Примечательно, что социально-иерархический расизм Гумпловича соединяется с либеральным социал-дарвинизмом Спенсера. И там, и там речь идет о делении и фактическом отборе людей. Даже критерии этого отбора по сути совпадают – «успешность» и «сильность» практически одно и то же. Добавим, что идеологическим подспорьем для деления людей, придающим ему не менее чем священный статус, является, как ни удивительно, кальвинистское направление в простестантской христианской конфессии, согласно которому жизненный успех предопределяется Провидением (богом), т.е. приравнивается к божественной благодати. Успешны (сильны) те, кому дана благодать, а не успешны – кому не дана. Право на иерархически высший статус – т.е. господство – санкционируется в этой удивительной трактовке самим богом.
Нацизм и фашизм это уровни в развитии идеи расизма в сторону радикализма и экстремизма. Логика в том, что расизм, нацизм и фашизм это уровни одной идеи в направлении усиления ее смысла. Расизм – исходный уровень, нацизм – крайний, фашизм – предельно крайний. Путаница в отношении этих уровней распространена примерно так же, как по поводу либерализма и республиканства, и именно поэтому мы считаем важным разобраться с ними в рамках курса, чтобы понимать эти явления, не смешивая их друг с другом.
Нацизм это продолжение расизма на этническом и национальном уровне. Нацизм это консервативная позиция, утверждающая неравенство народов на естественной основе и на уровне базовых прав: естественно-историческое и политическое превосходство какого-то народа / народов (самой национальной или этнической принадлежности) над другими или дискриминацию какого-то народа / народов. По логике это то же самое, что и расизм, но с применением более отчетливого и поэтому более важного признака, которым является национальная принадлежность (либо этническая) вместо расовой. Если в расизме речь идет о высших и низших людях внутри человечества в целом, что является несколько абстрактной идеей, лишь в некоторых случаях означающей реальное разделение и дискриминацию, то в нацизме эта логика имеет более конкретное и от этого более широкое действие, она применяется к конкретным народам – в соотношениях между народами разных государств или в соотношениях между группами внутри одного государства. Это имеет более политически дифференцированный, т.е. более определенный и жесткий смысл.
Нацизм часто смешивается с национализмом (даже на уровне официальных текстов), хотя эти понятия следует различать. Национализм это утверждение национальной идентичности, которое не означает политическую иерархию между народами, превосходство и правовую дискриминацию, и вообще не является конкретной идеологией с онтологической основой, но есть историческое явление.
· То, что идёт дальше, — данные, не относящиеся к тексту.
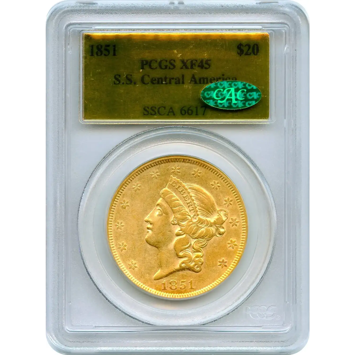 CAC. The 1851 $20 Liberty Head Double Eagle, the second issue of its series, emerged from the Philadelphia Mint during the California Gold Rush’s peak. Nearly an ounce of .900 fine gold, it bears Christian Gobrecht’s iconic design: Liberty in a coronet encircled by thirteen stars on the obverse, and a majestic heraldic eagle clutching arrows and olive branch on the reverse.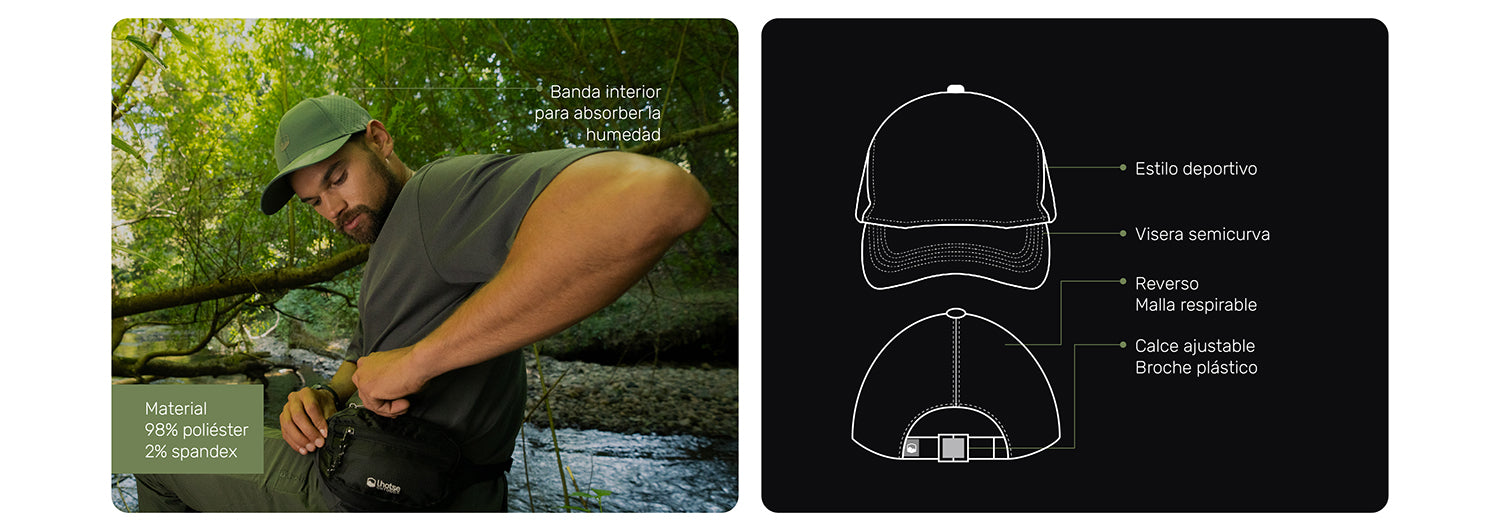 Diseñado para cualquier deporte, el Jockey Deportivo FlexFlow DryFit de Lhotse es tu mejor aliado. Fabricado con 98% poliéster y 2% spandex, su tecnología DryFit y banda para el sudor absorben la humedad para mantenerte fresco y cómodo. Ligero, ventilado y con correa ajustable, ofrece el ajuste perfecto para cada desafío.

Можно сказать, что именно тогда, когда национальная идентичность и самоопределение, образующие естественное историческое явление и процесс, перерождаются в идеологически обосновываемое утверждение «низшего» статуса какого-то народа и требование его дискриминации, национализм трансформируется в нацизм – для различения чего, как разных случаев, а не одного и того же, и существуют эти термины, не являющиеся синонимами.
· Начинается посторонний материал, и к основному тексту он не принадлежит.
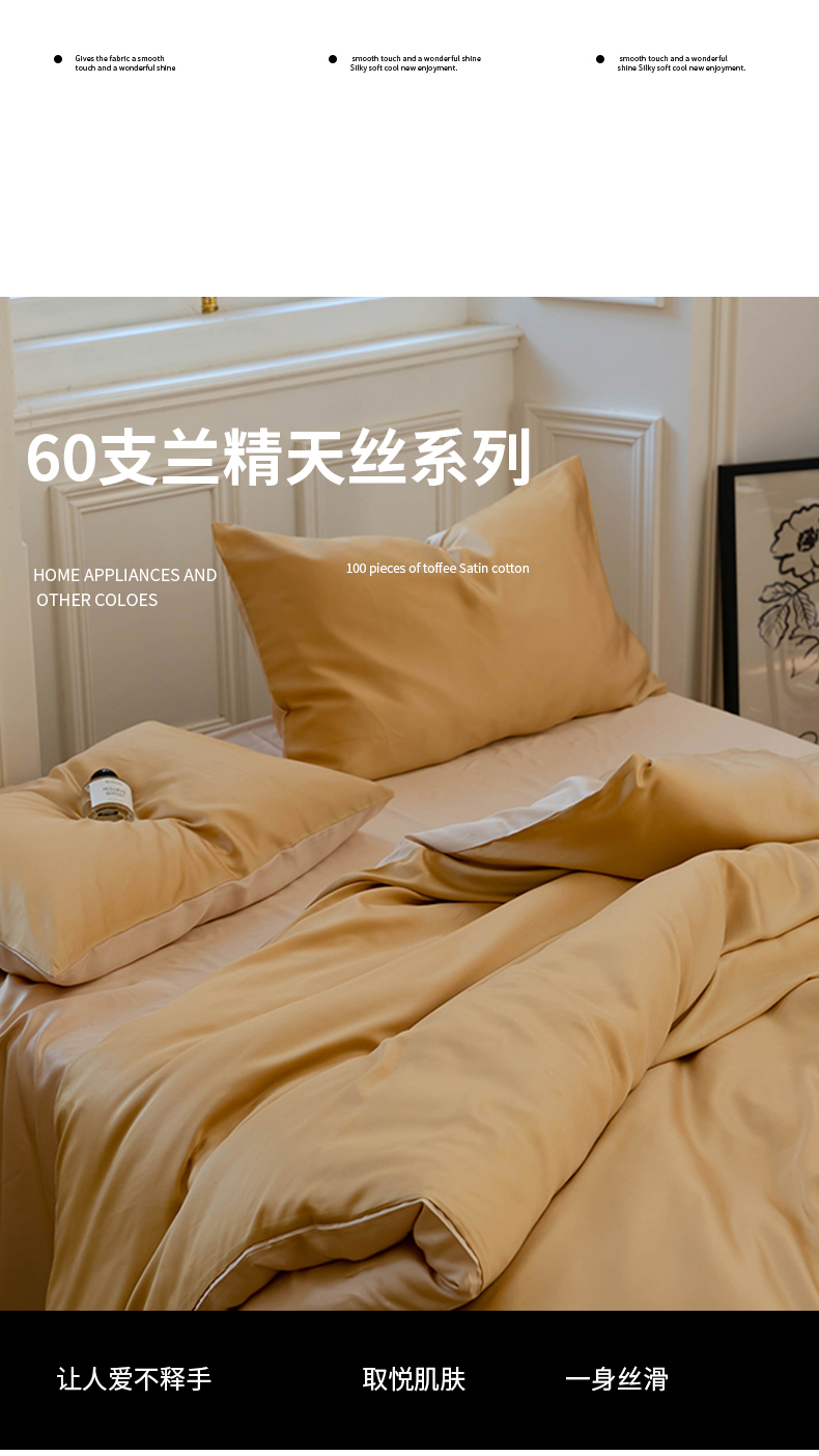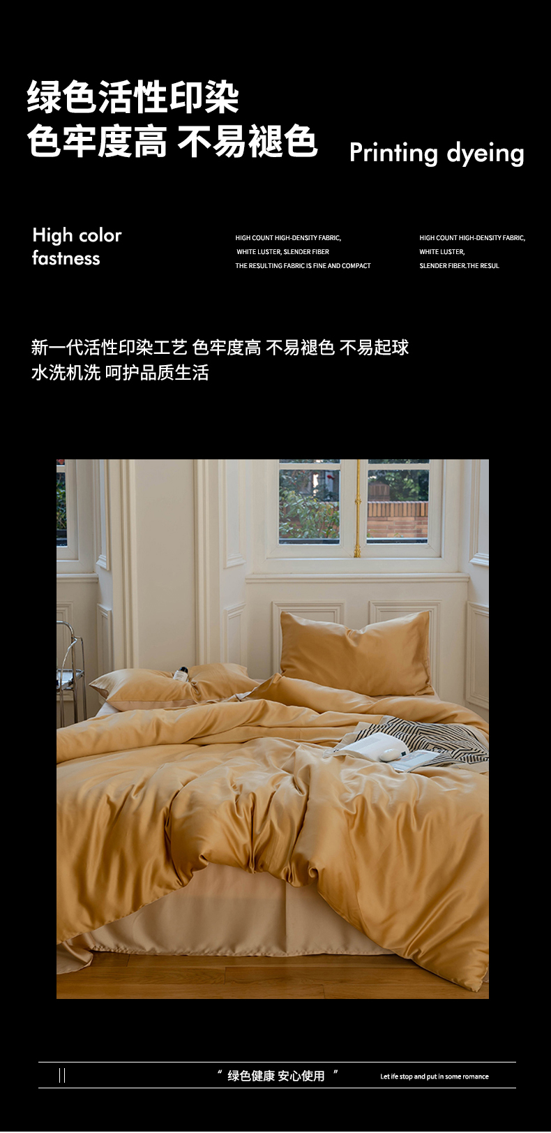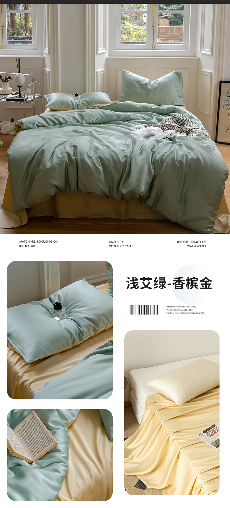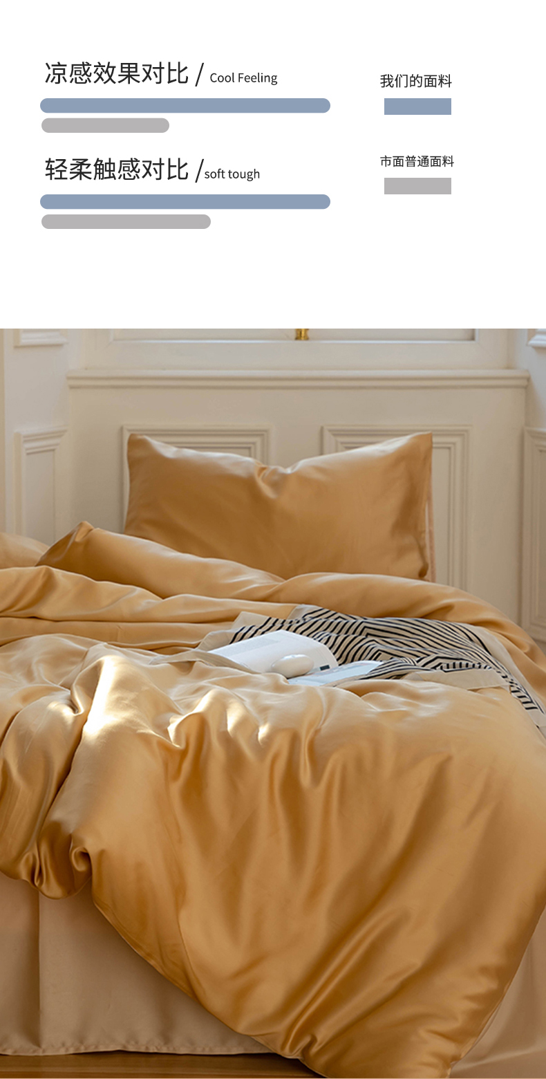 商品名称:浩情国际婚庆供货中心 2026新款60支奥地利兰精天丝纯色双拼系列四件套 芝士黄-沙茶色

Фашизм образует последнюю, вслед за нацизмом, предельно крайнюю ступень идеи политической иерархии. Фашизм это идеологическая позиция, утверждающая неравенство народов или других групп по естественному признаку и политическую необходимость уничтожения «низших» народов или групп. Если нацизм постулирует неравенство и требует господства «высших» наций над «низшими» в рамках общей консервативной идеи иерархии (такое господство в мировом масштабе называется империализмом), то фашизм прямо заявляет о физическом уничтожении «низших» как о политической цели, которая обычно связывается с идеей освобождения естественных ресурсов для «высших». Последний момент по поводу ресурсов является характернейшим признаком фашизма, по которому его ни с чем нельзя спутать. Как только вы слышите про «ограниченность ресурсов» на Земле, про «перенаселение» и обеспокоенность тем, что «всем не хватит», в чем подразумевается сокращение населения Земли, т.е. ни что иное как уничтожение людей в той или иной форме – можно не сомневаться, это фашизм.
12.3. Коммунизм (марксизм)
Третьей идеологией является коммунизм (марксизм). Теоретическим ядром коммунистической идеологии, которому она даже синонимична на уровне названий (хотя не на 100% тождественна ему в целом), является марксизм. Марксизм это авторская политико-правовая теория, создателями которой являются немецкие философы Карл Маркс и Фридрих Энгельс (вторая половина 19 в.).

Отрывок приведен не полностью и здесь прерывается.